Why did the crusaders slaughter thousands of innocent people? What kind of God’s love and tolerance is that?
Answer: I would like to start with a brief description of the crusades in the narrow sense, i.e. the crusades to the Holy Land, penned by Ludwig Hagemann (Was glauben Christen? Die Grundaussagen einer Weltreligion. Herder-Taschenbuch nr. 1729, Freiburg, 1991, 126f.): “When the Turks conquered Jerusalem in 1071 A.D, the returning pilgrims reported harassment and obstructions from the new rulers. This news was not to remain without effect.

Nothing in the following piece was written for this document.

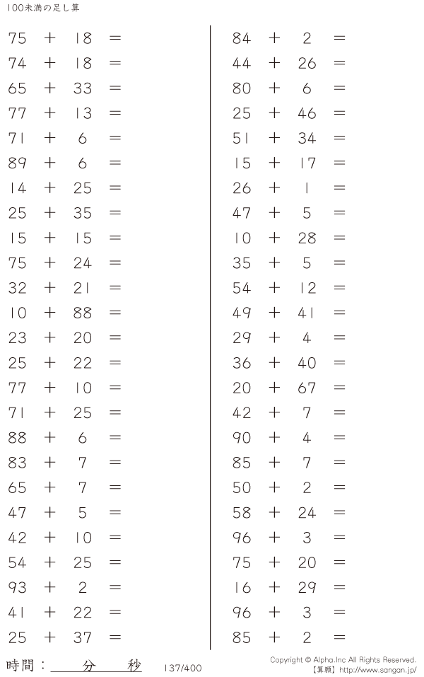 100未満の足し算 [問題]137/400

When the Byzantine Emperor Alexius I. (1081-1118) called on Pope Urban II (1088-1099) for help because of the threat to Constantinople, the popes call for assistance for Christians in the orient and for the liberation of the Holy Land from Muslim occupation, at the Synod of Clermont on 27 November 1095, ignited a mass movement which united the peoples of the occident for two centuries across all national borders.
‘Deus lo volt’, God wills it, was the all conquering slogan. The pope himself led the crusade movement.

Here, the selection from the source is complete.